If the average consumer thinks the problem bitcasa is solving is a strong enough pain point and use bitcasa's product anyway, then I can see SpiderOak moving into this area regardless of the security issues it brings up. Unfortunately, the average consumer doesn't care enough about security for "implementation details" to sway them if they have a pain point that the product solves - even if those implementation details make a world of difference in terms of privacy. There are already products out there that store files from a user's devices (laptops, desktops, etc.) on the cloud with no mention of not having access to the encryption keys if they do do encryption: https://www.sugarsync.com/ is an example.
A little off topic: I do think that the community has done a good job drilling it into the average user to look for the green bar and padlock in their browser when they go to their bank's website. It means Security. heh.
The encryption key is the hash of a chunk of data, so for identical chunks the encrypted data is identical. Understand.
But suppose I want to decrypt. To generate the key, I need to hash the unencrypted chunk of data. But if I have unencrypted data, I don't really need decryption.
I guess my question is - how does decryption work when I have lost the files on my local machine, but I remember my password?
This comes up often. I took it upon myself to write it out without too many technical details. You can see it here (in particular, the section about uploading and syncing files): http://crypto.stanford.edu/~ananthr/dropbox/
The most obvious workaround for this would be to remember the key. Each user's fileset includes a copy of the key generated from each file, encrypted with that user's private key. The user would request the files, and also the encrypted keys. They would then decrypt said files locally.
[Wild thought] Create a file with a list of H(chunk) forall chunk you own. You encrypt this file with a local password that the storage provider does NOT see and plainly store it.
I re-read the paper, and they seem to be doing what you describe. The list of H(chunk) is called "Chunk Map", and local password is called "dedicated map key"...
.. but after that they get into another round of encryption with the users public key - that's where I get lost.
There are ways to text match against encrypted documents, at least approximately, without requiring homomorphic encryption.
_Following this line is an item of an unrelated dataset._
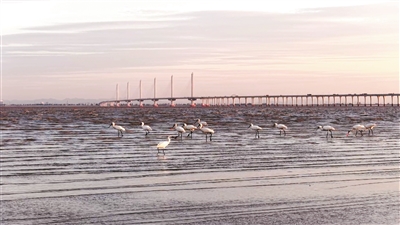 近日,摄影爱好者在嘉绍大桥附近江面上拍到了一群黑脸琵鹭。■大潮拍客 潘玲珑 摄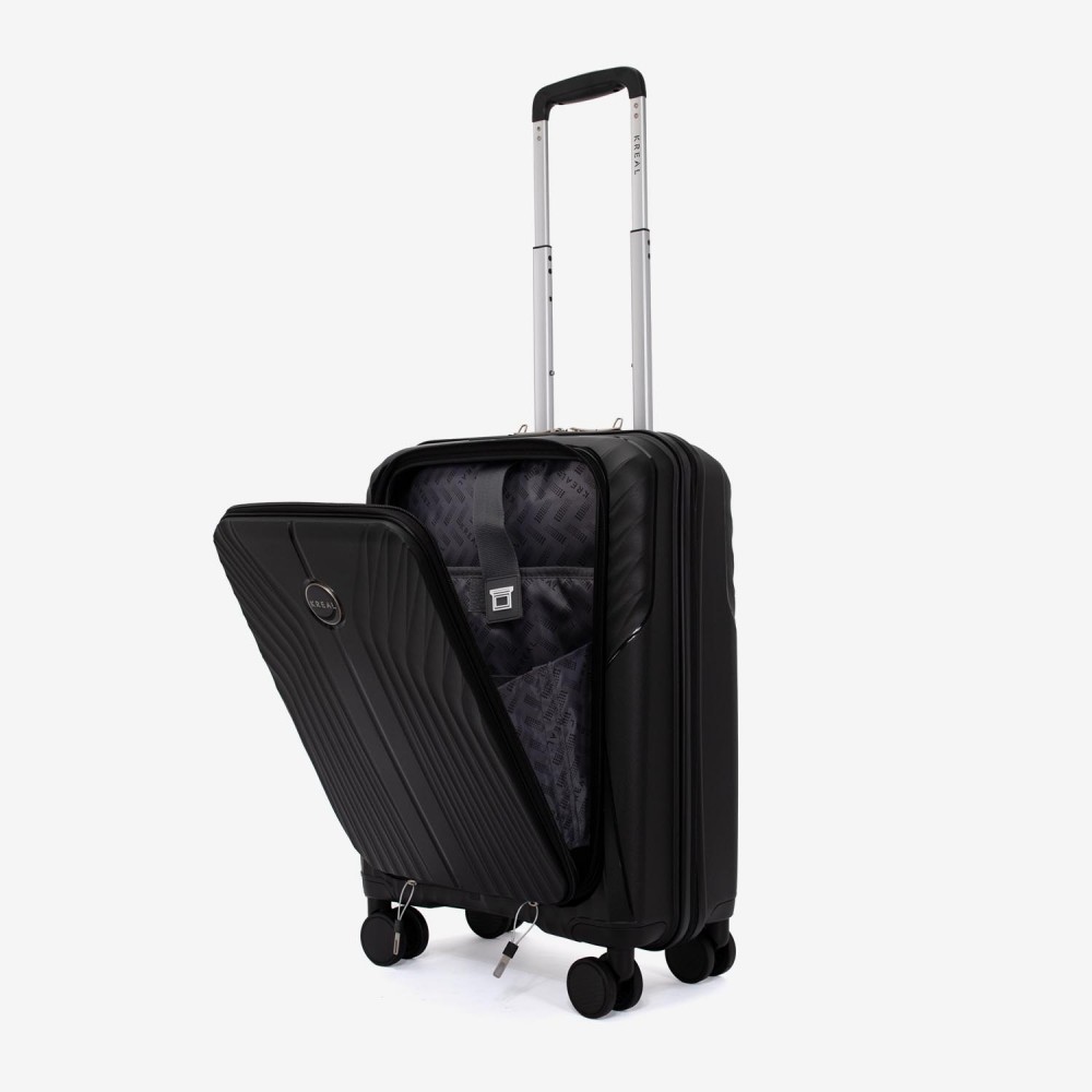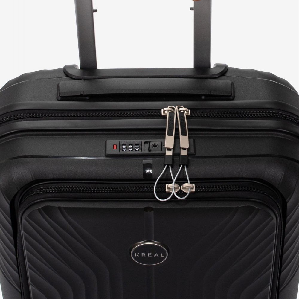 Troler cabina buzunar frontal laptop KREAL model IBIZA 55 cm polipropilenă negru

One simple scheme would be to encrypt in ECB mode (which has it's own disadvantages, which I'll ignore for now). Then, say that we have a relatively long string to match, we can encrypt that string with the same key (after trimming to the block size) and simply search for it's encrypted form in the document. If you see a match, and the string isn't an exact multiple of the block size, you need to decrypt a portion of the file (which you can easily do in ECB mode) and perform a more-exact match.
I wouldn't recommend this in a real system, but it's one example of how you can keep data encrypted at rest without requiring complete decryption for string matching.
I don't, on the other hand, know of any results in homomorphic encryption that would allow you to do the same thing with that approach.
While that may be true, text search over documents has certain requirements that differ from the use cases being mentioned for homomorphic encryption over the past two years (since Craig Gentry's paper on fully homomorphic encryption). Although possible over structured data that you'd find in a database, I'm not sure if there's been a clear way to apply homomorphic encryption to search. If there has been progress made in this area, I'd love to know.
In documents, keywords are scattered through the plain text and conjunctive keyword search should be possible without giving way to dictionary attacks: If I search for 'fire truck' I want a sentence 'the truck was firing up' to potentially return as a search result, but at the same time I don't want to encrypt each tokenized word ('fire', 'truck') and pattern-match the ciphertext.
Encrypted search is an active research area. One of the more interesting/cited papers I've come across on the topic is Conjunctive, Subset, and Range Queries on Encrypted Data by Boneh and Waters [1] although there are several others. Boneh also authored an earlier paper on encrypted search involving public key encryption.
All the homomorphic schemes I've seen do addition and/or multiplication. Is there one that does substring matching, or can you somehow use addition and multiplication to search?